The purpose of this study is to determine whether TAK-831 is superior to placebo in improving cerebellar function as measured with the average percentage of conditioned responses during the eyeblink conditioning (EBC) test.

Condition or Disease Intervention/Treatment Phase
Phase 2

Detailed Description

The drug being tested in this study is called TAK-831. TAK-831 is being tested to treat people with schizophrenia.

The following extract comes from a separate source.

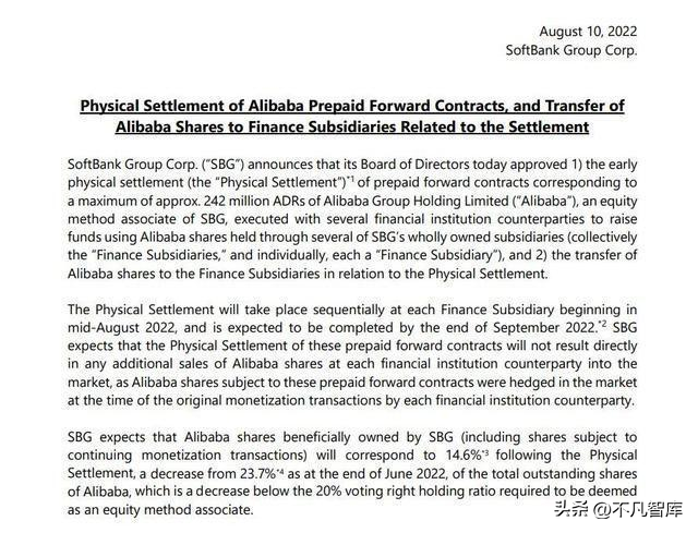 8.选择的方式就是减持阿里股份,8月10日,软银集团宣布,将通过结算预付远期合约的方式,减持阿里巴巴2.42亿股。

The study will enroll approximately 32 patients. Participants will be randomly assigned to one of the two treatment sequences which will remain undisclosed to the patient and study doctor during the study (unless there is an urgent medical need):

  • TAK-831 500 mg followed by matching placebo

  • Matching placebo followed by TAK-831 50 mg

The first 16 participants will receive TAK-831 500 mg during the treatment period in which they are assigned to TAK-831. Following an interim analysis, there will be a study-wide decision about whether to treat the additional 16 participants with TAK-831 500 mg during the active treatment period to or treat them with TAK-831 50 mg during this period. After the interim analysis, the participant and study doctor will not be aware of which TAK-831 dose is being used.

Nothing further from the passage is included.